All of the workouts were the same, other than Tabata Strength. This replaces Tabata Power in weeks 3 and 4. The big difference is that after doing 8 tabata rounds of 20 seconds on/10 seconds off, you do an active recovery move instead of a 30 second water break. Oddly, I did better on this workout! I was able to power through the diamond (triceps) push ups and get pretty far this past week!
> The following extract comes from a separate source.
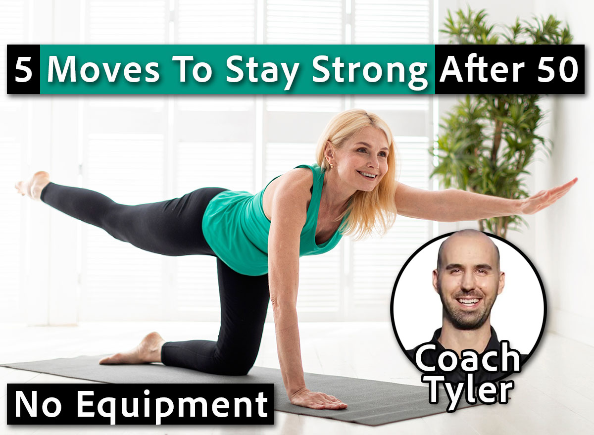 This five-move routine builds foundational strength without overloading your joints. It targets major muscle groups while activating stabilizers that tend to weaken with age. You’ll reinforce proper movement patterns, improve posture, and build muscular resilience that pays off in and out of the gym.

Let’s get to those max out times, right?
So, I did worse on the last time through Tabata Power than the time prior…it was always the triceps push ups that did me in! I increased my Friday Fight – Round 1 time by over 3 minutes. I also noticed that the Ab Attack times were hugely dependent on the workout I did before it. On the day with Pulse (the recovery workout), I almost made it to the end without maxing out. But with a more intense workout, my times varied from 2-7 minutes. So I stopped tracking it in week 3!
I made it a lot further in Sweat Intervals and got to try Tabata Strength! I feel like I max out every 20 seconds in that one and am thankful for the quick breaks! My big improvements on that one came this week!
I’m really liking seeing my times improve (when they do!). It’s such immediate feedback to go by! I feel amazing too. I wore a dress yesterday that I never expected to wear after having my daughter…it’s not a forgiving cut. It was loose, and I felt confident in it. That is an excellent feeling, folks!